On Aug 21, 2004, at 5:54 PM, Erik Reuter wrote:

On Sat, Aug 21, 2004 at 03:42:32PM -0700, Warren Ockrassa wrote:

Perhaps the alcohol clouded their minds and kept them from realizing
this simple fact?

Ah, but that wouldn't have been a "simple fact" to anyone born before medical science had progressed past leeches and phrenology. :\

That's absurd. Of course it is a simple, timeless fact as long as humans have had coats and alcohol.

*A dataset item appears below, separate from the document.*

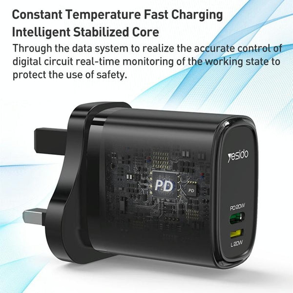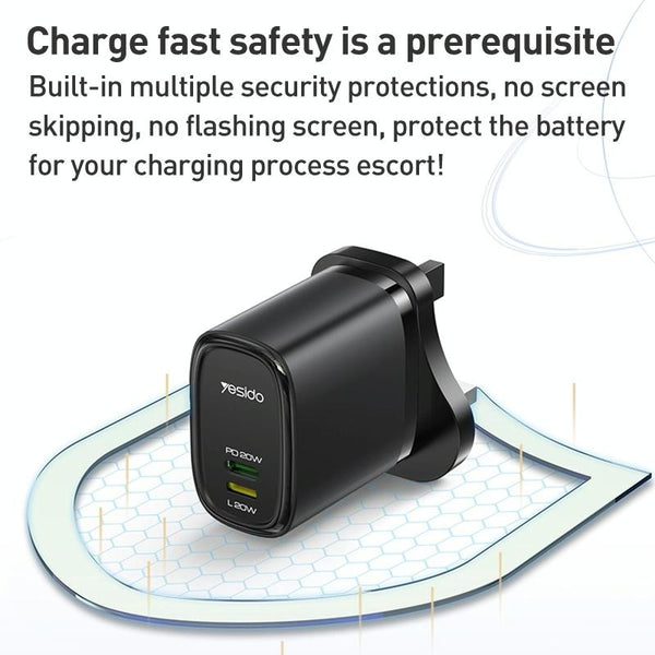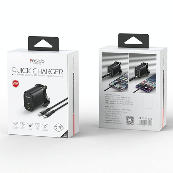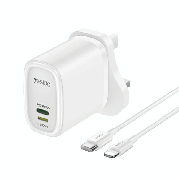 Yesido YC43 PD 20W USB-C / Type-C + 8 Pin Travel Charger with 1m Type-C to 8 Pin Cable, UK Plug(White)

That's an interesting assertion and I'd like to see the evidence you have to support it. If you can point me to reference materials indicating that there were experiments performed (or even observations made) as recently as 200 years ago, I'd be most intrigued by them, and would accept them as evidence to support your claim that alcohol's non-warming effects were known to contemporaries of (e.g.) Ben Franklin.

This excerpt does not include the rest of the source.